Worcestershire veteran to take on Dambusters Ride to raise funds for the RAF Benevolent Fund

Rob George 4th Jun, 2021

A WORCESTERSHIRE veteran will be saddling up for a good cause and riding 133 miles without leaving Worcester’s Cathedral Square.

Chris Last, 59, will be completing the challenge on a turbo trainer to raise money for the RAF Benevolent Fund as part of the charity’s Dambusters Ride next Saturday (June 12).

The RAF veteran will begin his challenge at 9am and expects to finish around 5pm.

Mayor of Worcester Coun Stephen Hodgson and the Vice Lord-Lieutenant of Worcestershire, Brigadier Roger Brunt CBE DL, will be there to cheer him on.

The Dambusters Ride is taking place this year to celebrate the 100th birthday of Squadron Leader George ‘Johnny’ Johnson DFM, the last surviving Dambuster.

Operation Chastise was a pivotal moment during the Second World War when 19 Lancaster crews targeted three dams in the heart of Germany’s war machine. It was a risky raid, dropping the revolutionary bouncing bomb at low level, and the cost was high. Of 133 crew who left only 53 returned.

“I was inspired to sign for the Dambusters Ride as I took up road cycling during the lockdown. I still have a close connection with the military through my day-to-day work, so it’s a cause that remains close to my heart,” Chris said.
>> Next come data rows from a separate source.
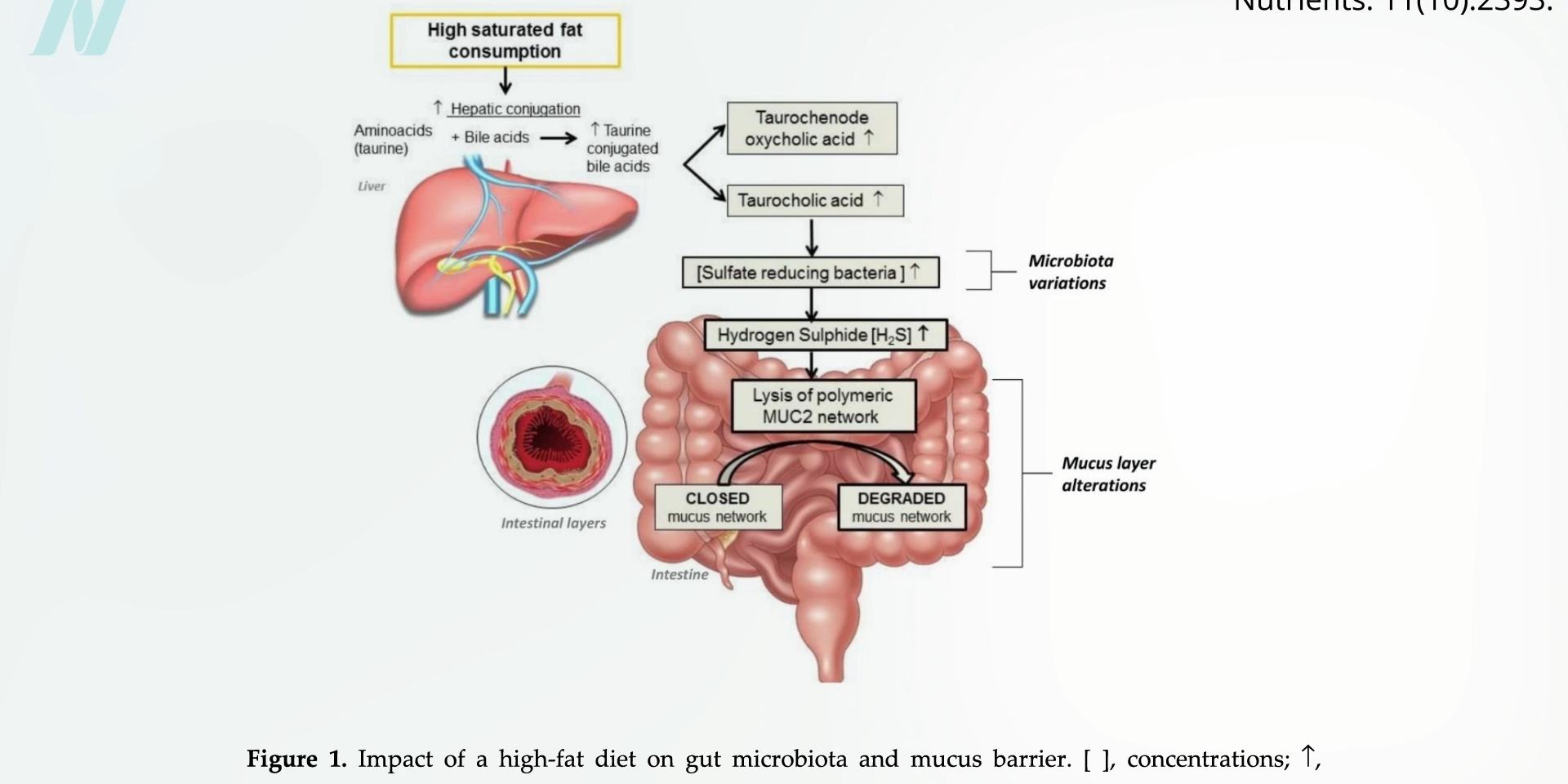 What other dietary components can make a difference? Elevated consumption of saturated fat, which is found in meat, dairy, and junk food, can cause the growth of bad bacteria that make the rotten-egg gas hydrogen sulfide, which can degrade the protective mucus layer. You can see the process below and at 3:21 in my video Avoid These Foods to Prevent a Leaky Gut.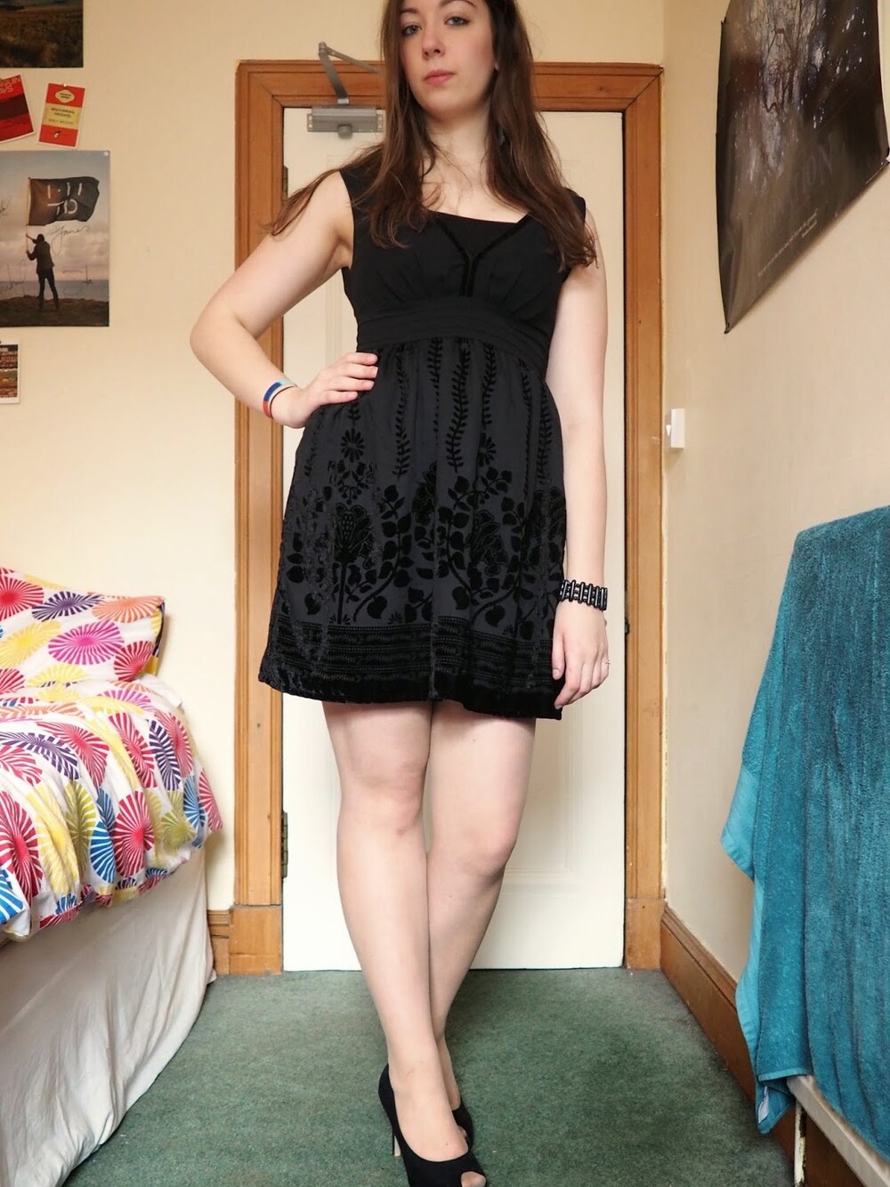 The velvet patterns on this dress make it one of the more formal ones I own. Full outfit post available on my blog - justmuddlingthroughlife.com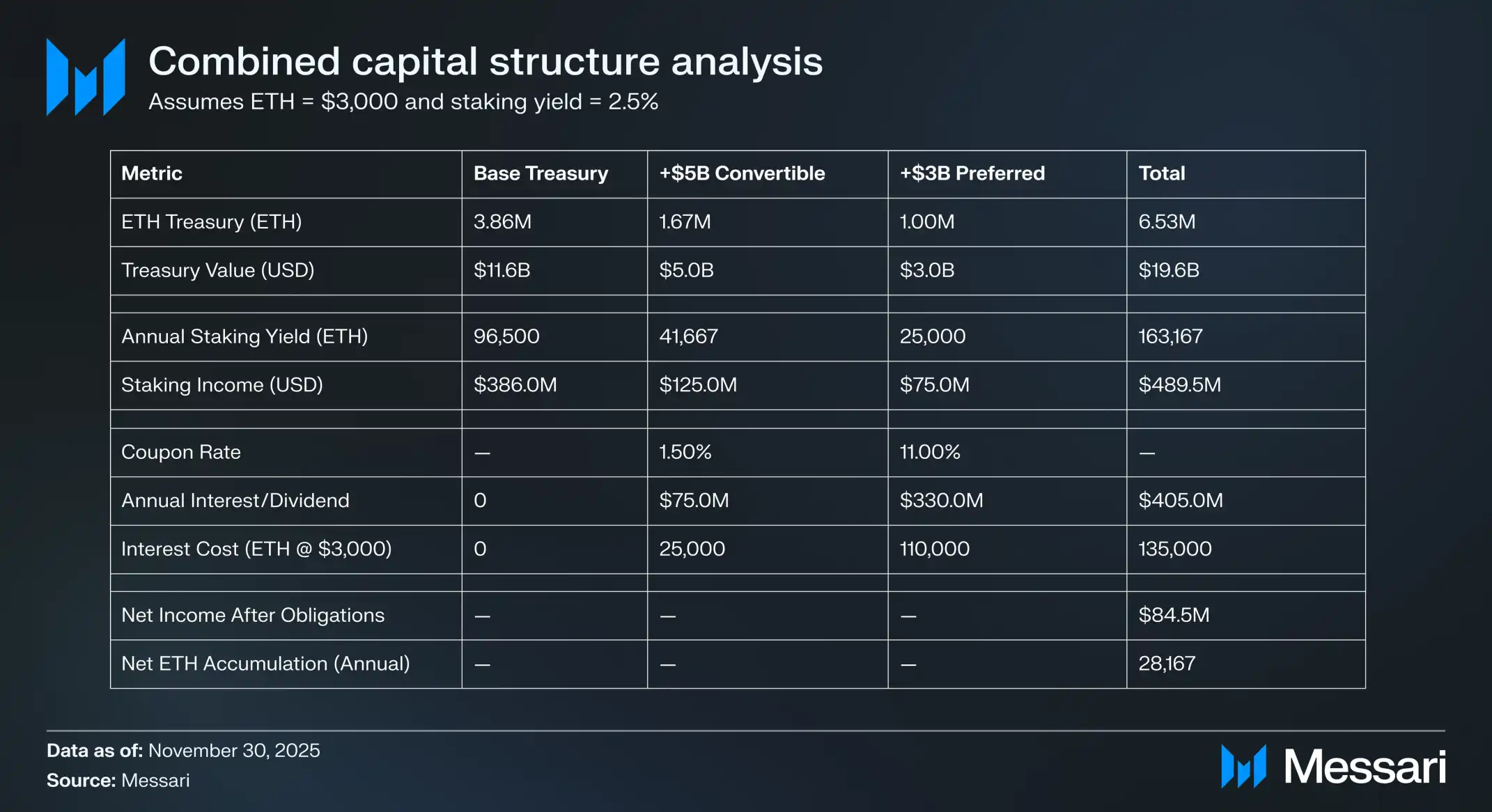 例如,像 BitMine 这样的 DAT,可以发行低票息的可转换债务与更高收益率的优先资本,并将所募集的资金直接用于购买 ETH,同时对这些 ETH 进行质押以获取持续性收益。在合理假设下,质押收入可以部分对冲固定的利息与分红支出,使金库在市场环境有利时,既能持续增持 ETH,又能提高资产负债表杠杆。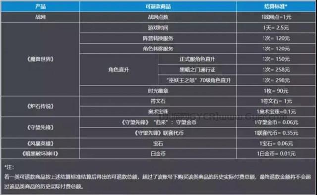 ▲图:网易发布的暴雪游戏相关的“可退款商品”的具体范围及退款标准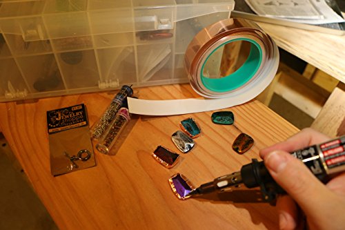 Dual sided conductive copper tape that is ideal for soldering, EMI shielding in electric guitars, DIY electric circuit projects and stained glass crafting.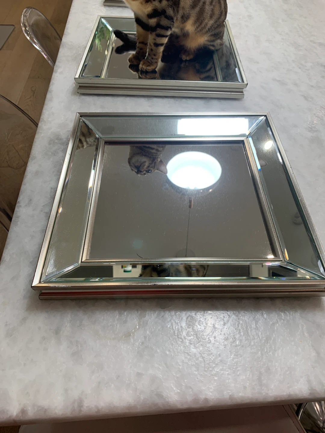 Selling a silver framed mirror! It's in good condition and would look great in any room. There are a couple of minor scratches on the frame, but nothing too noticeable. Perfect for adding a touch of elegance to your home decor!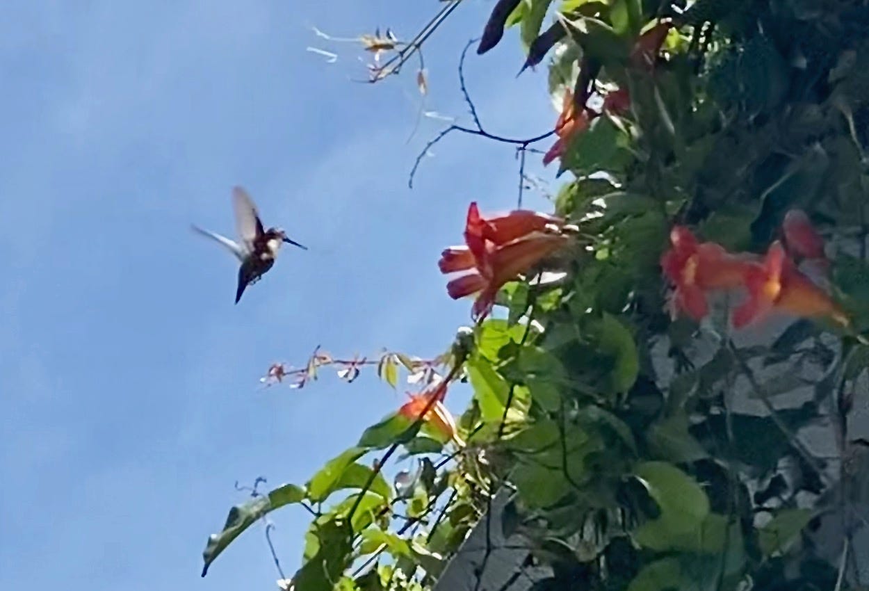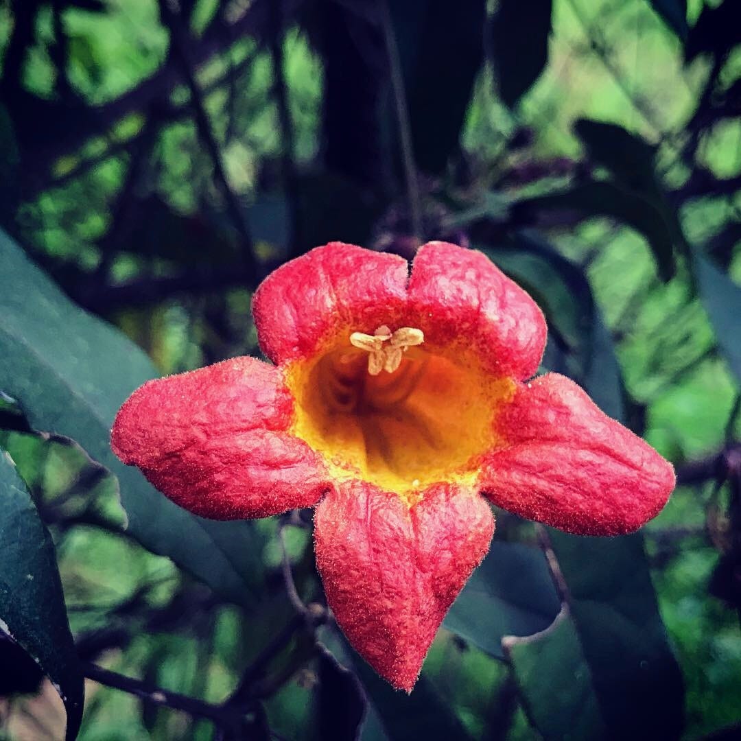 The cross vine is a native plant, with a bold orange-red trumpet flower. When the hummingbirds show up, as they have in full force this week, they show you how perfectly those flowers have adapted to those birds. They fit together like plug and receptor. The vines bloom in continuous cycles with the periodic bursts of rain we get here, exploding with color when the sun comes out after the storm. They especially love the spring and fall.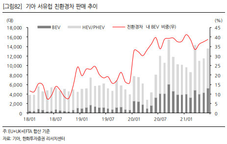 2H21 신차 효과 확대 지속이 예상된다. ①글로벌 판매 내 신차 판매 비중 상승에 따른 ASP 상승, ②K8 출시 효과(내수 ASP 상승), ③글로 벌 볼륨 차종인 스포티지와 E-GMP 기반 BEV EV6 출시 등 때문이다. 특히 EV6 출시 이후 전기차 판매 증가 본격화를 통한 BEV M/S 상승 확인 시 주가 상승의 촉매제 역할을 할 것으로 기대된다.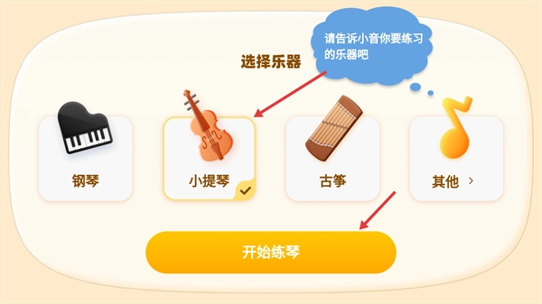 1、先选定想要练习的目标乐器,确认好选择后,点击界面上的【开始练琴】按钮,就能进入到练琴的主界面了。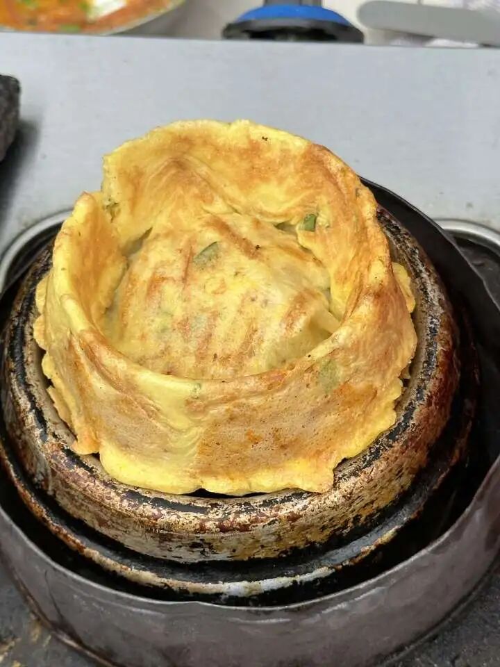 鸡蛋不翻是济源特有的传统小吃,这种来自济源的特色小吃,用米浆或面浆在一种特制的、中间微凹的平底锅上烙制。奇妙之处在于,整个制作过程只需烙熟一面,无需翻个儿,成品便自然成型。在出锅前,再淋上一层金黄的蛋液,更添风味。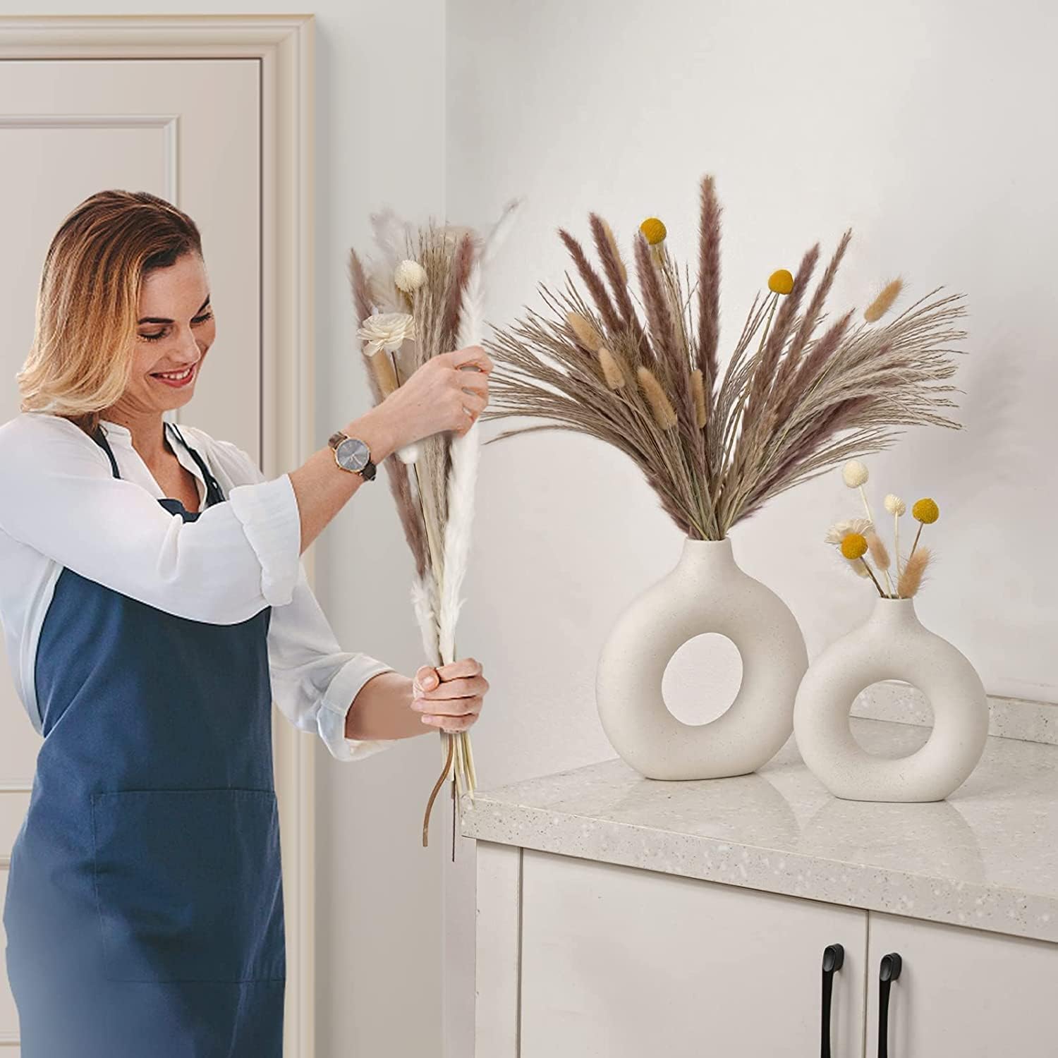 【PERFECT DETAILS】 – Each Pampas grass decorative vase is expertly designed and handcrafted to form simple, elegant donut lines and fired at thousands of degrees, Making it an unparalleled work of art that fits many room decor and home styles – rustic, aesthetic, modern, minimalist, and unique.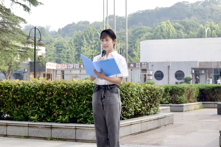 升旗礼毕,来自信息2403班的学生代表张祺沅发表国旗下的演讲。张祺沅分享了大学一年在学习方法、科研竞赛选择、学生工作目标及生活适应心态等方面的经验与感悟。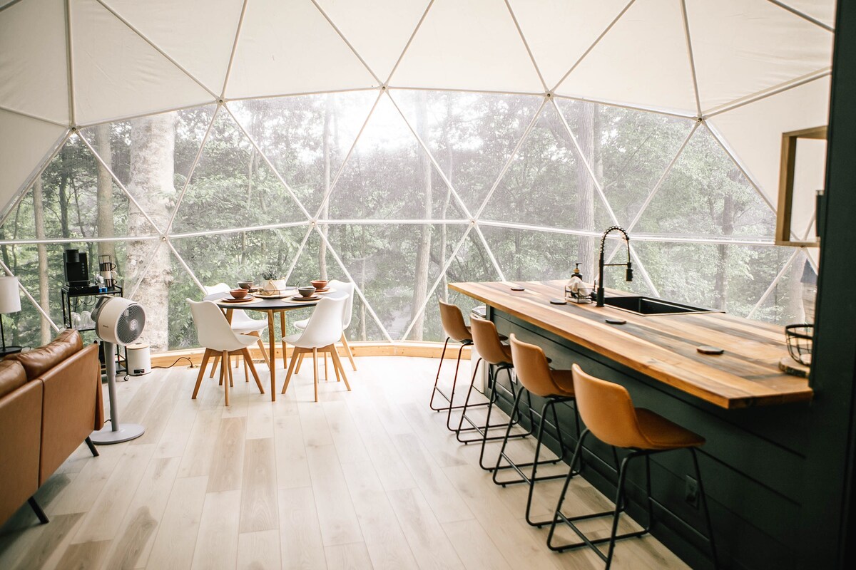 Willkommen in unserem modernen Refugium in den ruhigen Wäldern von Smithville, nur einen Steinwurf vom ruhigen Wasser des Center Hill Lake entfernt. Solace Sphere bietet eine moderne Variante des klassischen Kuppeldesigns mit einem Schlafzimmer-Layout mit einem Loft, ergänzt durch eine verjüngende Wasserfalldusche und erstklassige Geräte für deinen Komfort und Bequemlichkeit. Wir befinden uns 1-1/2 Stunden von Nashville und 3 Meilen von Pate's Ford Marina Bar and Grill entfernt. Wir hoffen, dass du deinen Trost findest.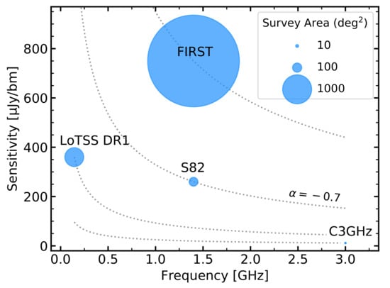 - Becker, R.H.; White, R.L.; Helfand, D.J. The FIRST Survey: Faint Images of the Radio Sky at Twenty Centimeters. Astrophys. J. 1995, 450, 559. [Google Scholar] [CrossRef]

“I wanted to raise as much money as possible and thought what better way than holding a public event here in Worcester. I’m hoping to plan a number of similar events in the local area before I take part in the physical Dambusters Ride in July, so do keep your eyes peeled.”

The Dambusters Ride consists of two key elements: a virtual ride that took place on May 15/16, the anniversary of the raid, and a physical event taking place in Lincolnshire on July 3.

On 15 May Chris cycled 125 miles on a static bike outside Worcester Cycle Centre at part of the virtual ride, and on 17 May he joined a two-wheeled ‘flypast’ in front of Johnny Johnson in tribute to the Dambusters raid that took place 16-17 May 1943. The 12-strong group cycled 19 miles before arriving in Bristol – one mile for each of the Lancaster crews which flew in Operation Chastise, 78 years ago.

Chris served in the Royal Air Force for 22 years before joining the Ministry of Defence as a civil servant in 2001, and today he works for defence and logistics specialists TVS Supply Chain Solutions.